Your instructions: With pictures excluded, output exactly the lines that run from the first line of the data below through the line containing "Figure 4. Left".

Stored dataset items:
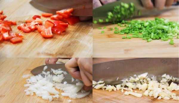 1.洋蔥切碎,蒜切碎,彩椒切丁,巴沙魚切塊,香芹切末 ,備用
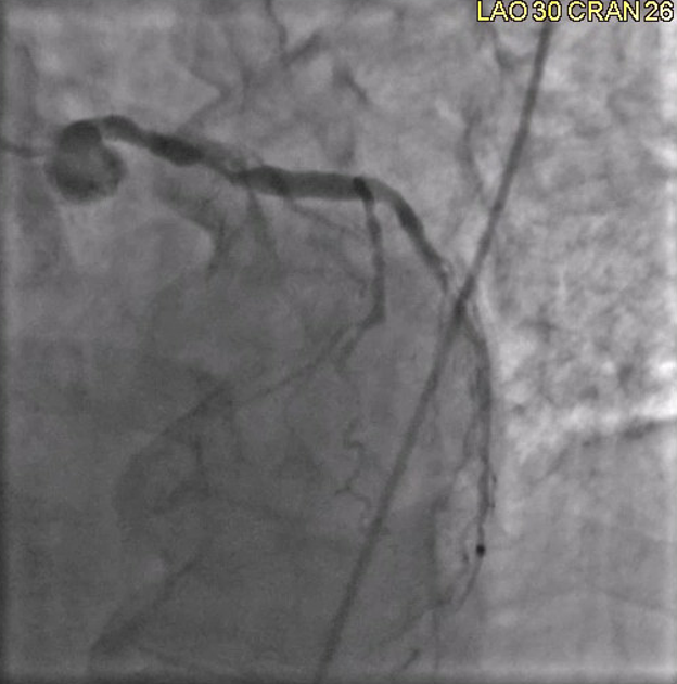 Figure 4. Left anterior oblique view showing severe stenosis at the ostium of LAD.
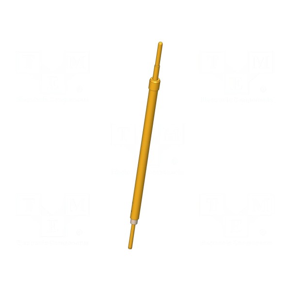 Igła testowa SKS-215 charakteryzuje się prądem znamionowym 3A oraz ugięciem sprężyny wynoszącym 5mm. Element wykonano z brązu berylowego (CuBe) z pozłacaną powierzchnią styku, co zapewnia stabilne połączenie elektryczne w aplikacjach pomiarowych. Końcówka o kształcie zaokrąglonym posiada średnicę 0,8mm.
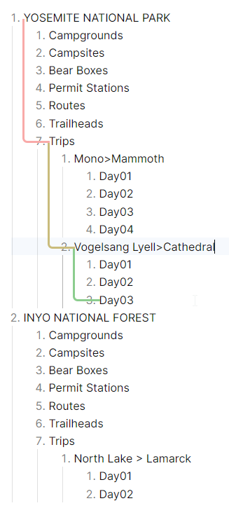What I would like subfolders for is so that I can create a root folder for a permit domain (e.g. Yosemite National Park) and then create subfolders for the different routes/trips + classes of objects above. The current system makes is so I have to choose EITHER a root Yosemite folder with all classes included and visible at once OR a group of root Yosemite folders in order to make such objects selectively visible. Basically, I have to choose whether I want clutter in the nav pane or clutter inside the folders
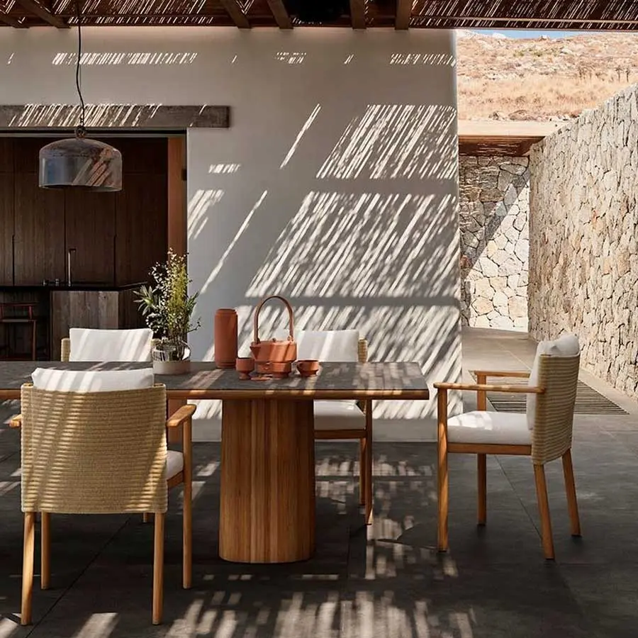 Presenta dos bases centrales y estructura en madera de Teca que contrasta con el sobre cerámico disponible en varios colores neutros que la hacen perfecta para crear ambientes elegantes y sofisticados de exterior e interior.
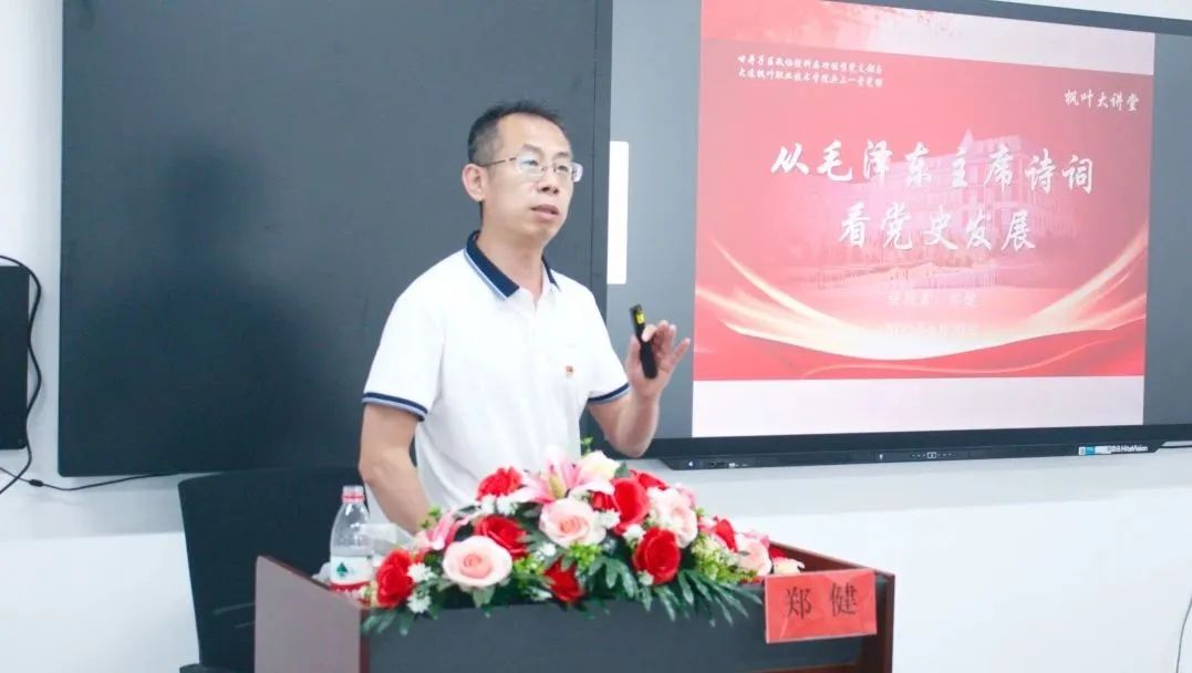 郑健以“从毛泽东主席诗词看党史发展”为题,重点围绕毛泽东主席的七首诗词带我们重温了跌宕起伏的革命征途和波澜的党史。以诗言志、以诗咏怀、以诗记史,党课以史鉴今,充分将诗词与时政结合,帮助师生提升思想政治觉悟。
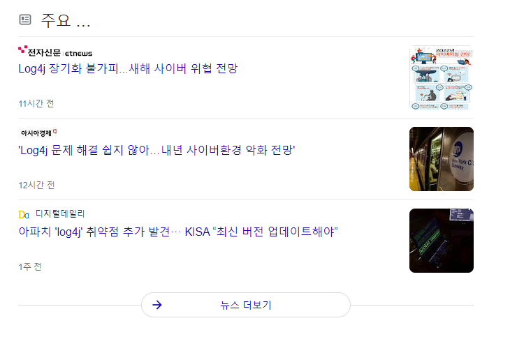 최근 Log4J 버전에 해킹 이슈들이 터지면서 KISA에서는 기업들에게 경고 메세지를 주고 있고, 우리 회사의 경우 ISMS를 인증하였기 때문에 Log4J 대응으로 업무가 터져버릴 지경이다.
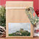 Cartaz de fotografia retangular com o castelo e a aldeia de Turenne medieval situada numa colina perto do rio Dordogne, Correze, na França. É uma das aldeias mais bonitas da França.

Your response:
 1.洋蔥切碎,蒜切碎,彩椒切丁,巴沙魚切塊,香芹切末 ,備用
 Figure 4. Left anterior oblique view showing severe stenosis at the ostium of LAD.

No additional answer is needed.